The adventure was dreamed up by Morrison and his life partner, accomplished ski mountaineer Hilarie Nelson. They planned to make it together until his death in 2022 while skiing on the world’s eighth highest mountain.
From then on, it was a journey that Morrison was taking for both of them.
At the foot of his route to Mount Everest, before his four-day climb to the summit, he craned his neck upward.
“We’ve spent our whole lives climbing big mountains,” Chin said. “I have never seen anything that is more intimidating than the purpose of climbing.”
Only five people had climbed it before, and no one had climbed it since 1991. While other, more popular routes up Everest follow a ridgeline, this route up the mountain’s gorgeous North Face was called the Super Direct Route – it’s straight up, and then straight down.
His 12-person team began climbing snowfields, rocks and ice floes, facing the possibility of rockfall and avalanches. They had carefully planned their trip in a narrow weather window, looking for enough snow and safe conditions to ski.

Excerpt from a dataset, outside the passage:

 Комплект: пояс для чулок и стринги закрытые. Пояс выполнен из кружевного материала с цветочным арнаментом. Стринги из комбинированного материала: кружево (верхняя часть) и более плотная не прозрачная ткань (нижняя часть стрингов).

At night, they would spend hours shoveling snow and ice so they could sleep, always tied to their ropes.
One night, Chin said, they hid on top of the mountain because a strong wind was blowing snow from above and was in danger of blowing their tent off the mountain.

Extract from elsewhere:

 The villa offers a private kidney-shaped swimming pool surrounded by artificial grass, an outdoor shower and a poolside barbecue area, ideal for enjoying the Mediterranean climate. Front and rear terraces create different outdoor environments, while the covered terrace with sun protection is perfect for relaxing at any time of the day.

Morrison went to sleep. Chin also needed sleep, and he did everything he could to secure himself on the mountain.
“So I put my earplugs in because I thought if we went flying off the mountain, I wouldn’t want to know what was happening,” he said.
The sun rose. As they climbed, Morrison assessed the snow he would be skiing down, and “Basically everything I saw looked terrible. The snow conditions were really bad,” he said.
But Morrison kept moving forward with Nelson on his mind, and “as I got higher and higher, and farther into the death zone, I got closer and closer to him.”
The sun was shining on the peak. The Himalayan mountains were spread all around them.
They celebrated together and took selfies. Morrison spread some of Nelson’s ashes.
Then, when Morrison put on his skis and looked at his teammates, he realized: “‘Okay, now I’m in a completely different world. I’m on my own.'”
He dropped in, performing a controlled hop turn on his sky. The details of the route, which he had studied, imagined, seen, read and dreamed about, occupied his mind. He wasn’t thinking about the potential fall, only about the next turn. Every breath at that altitude was a challenge.
He later messaged his friends: “The conditions were disgusting, and I was able to destroy a lot of it.”
At several points, Morrison used ropes, including only rocks, but he relied on them less than he expected.
When he reached the bottom, reached a safe place, he exhaled.
He screamed, cried and talked to Nelson.
The next morning, he said, he went out and saw the towering North Face.
“And I can feel Hillary’s presence, on top of the world.”